Adam Stylinski [Fri, 12 Dec 2025 21:23:27 +0000 (16:23 -0500)]
Force purely aligned loads in inflate_table code length counting
At the expense of some extra stack space and eating about 4 more cache
lines, let's make these loads purely aligned. On potato CPUs such as the
Core 2, unaligned loads in a loop are not ideal. Additionally some SBC
based ARM chips (usually the little in big.little variants) suffer a
penalty for unaligned loads. This also paves the way for a trivial
altivec implementation, for which unaligned loads don't exist and need
to be synthesized with permutation vectors.
Fix initial crc value loading in crc32_(v)pclmulqdq
In main function, alignment diff processing was getting in the way of XORing
the initial CRC, because it does not guarantee at least 16 bytes have been
loaded.
In fold_16, src data modified by initial crc XORing before being stored to dst.
Adam Stylinski [Tue, 23 Dec 2025 23:58:10 +0000 (18:58 -0500)]
Small optimization in 256 bit wide chunkset
It turns out Intel only parses the bottom 4 bits of the shuffle vector.
This makes it already a sufficient permutation vector and saves us a
small bit of latency.
Improve cmake/detect-arch.cmake to also provide bitness.
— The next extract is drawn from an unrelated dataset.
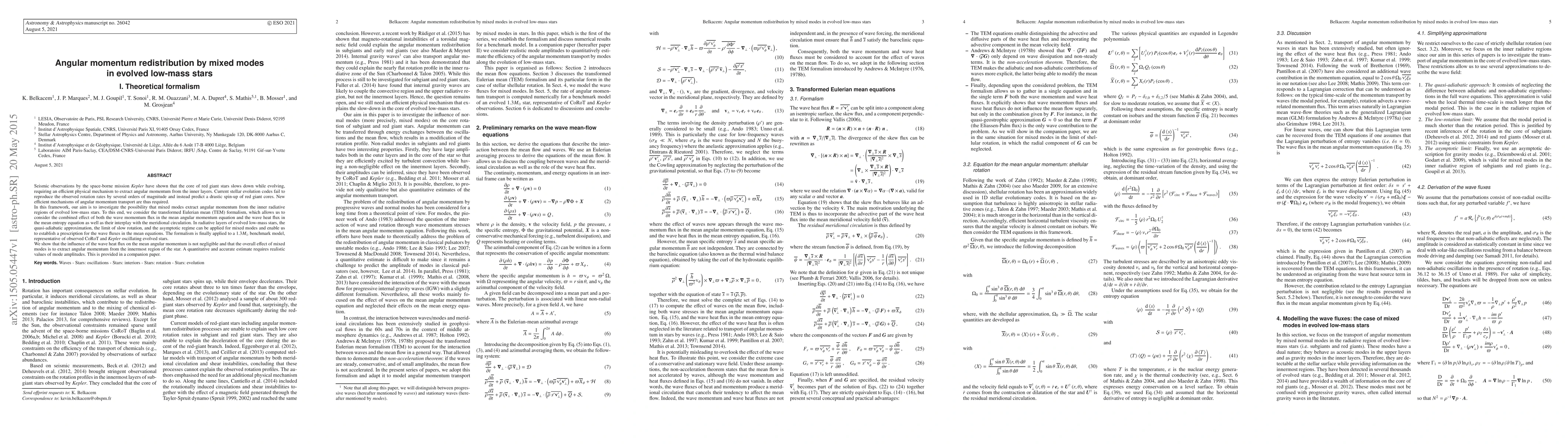 This paper develops a theoretical framework using the Transformed Eulerian Mean formalism to explore how mixed modes in evolved low-mass stars redistribute angular momentum, addressing the discrepancy between observed and predicted rotation rates in red giant stars. The formalism accounts for wave momentum and heat fluxes, showing that mixed modes can extract angular momentum from the star's core.

Rewrite checks in CMakelists.txt and cmake/detect-intrinsics.cmake
to utilize the new variables.
- Add local window pointer to:
deflate_quick, deflate_fast, deflate_medium and fill_window.
- Add local strm pointer in fill_window.
- Fix missed change to use local lookahead variable in match_tpl
Deflate_state changes:
- Reduce opt_len/static_len sizes.
- Move matches/insert closer to their related varibles.
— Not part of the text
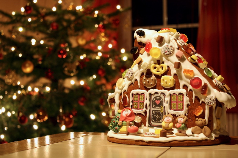 Urlaubsdekoration, die in Ihrer Scheune nicht stattfindet. Sie können es nach einer Neujahrsnacht freudig essen. Sie können ein solches Haus aus gesinterter Lebkuchen und Zucker-Fundry machen. Das Internet verfügt über ausreichend verschiedene Rezepte und Varianten dieser essbaren Landschaft.

These now fill a 8-byte hole in the struct on 64-bit platforms.
- Exclude compressed_len and bits_sent if ZLIB_DEBUG is
not enabled. Also move them to the end.
- Remove x86 MSVC-specific padding
- Minor inlining changes in trees_emit.h:
- Inline the small bi_windup function
- Don't attempt inlining for the big zng_emit_dist
- Don't check for too long match in deflate_quick, it cannot happen.
- Move GOTO_NEXT_CHAIN macro outside of LONGEST_MATCH function to
improve readability.
Dougall Johnson [Mon, 8 Dec 2025 04:11:52 +0000 (20:11 -0800)]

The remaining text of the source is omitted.